Location
- 2600 Hoffman Road Mankato, Minnesota 56001 United States 44°09′27″N 93°57′37″W﻿ / ﻿44.1575°N 93.9604°W

Information
- Type: Public high school
- Motto: "Excellence, Equity, Empowerment — Every Student, Every Day."
- Established: 1973
- Principal: Akram Osman
- Teaching staff: 65.85 (FTE)
- Grades: 9–12
- Enrollment: 1,302 (2024-2025)
- Student to teacher ratio: 19.77
- Colors: Black & gold
- Mascot: Cougars
- Rival: Mankato West High School
- Website: www.ehs.isd77.org

= Mankato East High School =

Mankato East High School is a four-year public high school in Mankato, Minnesota, United States. The present school opened in 1973.

==Athletics==
The Mankato East Cougars are part of the Big 9 Conference.

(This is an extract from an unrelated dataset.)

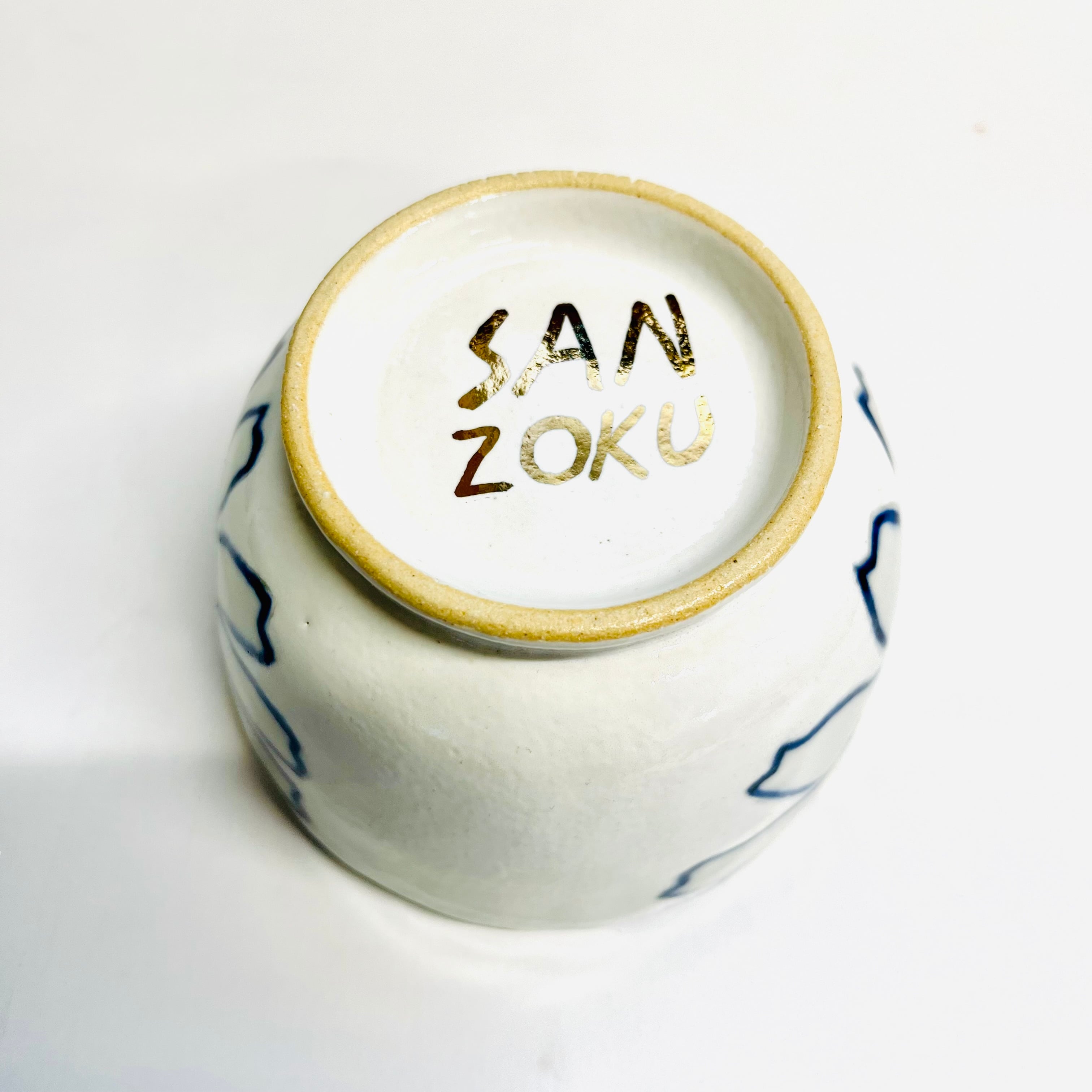 『sanzoku』は手びねりで作られている一点ものとなります。轆轤や、型などとの成形方法とは異なり手の指の力のみで土を圧縮して成形する為,

They have a big rivalry with Mankato West High School, one example of this is the Mankato Jug game, a football game played every year between Mankato East High School and Mankato West High School. As of the 2025-2026 school year, Mankato East currently holds the Jug.

==Notable alumni==
- Greg Orman - American businessman and politician
- Craig Dahl - an NFL football player. He earned a Championship Ring in Super Bowl XLII while playing with the New York Giants.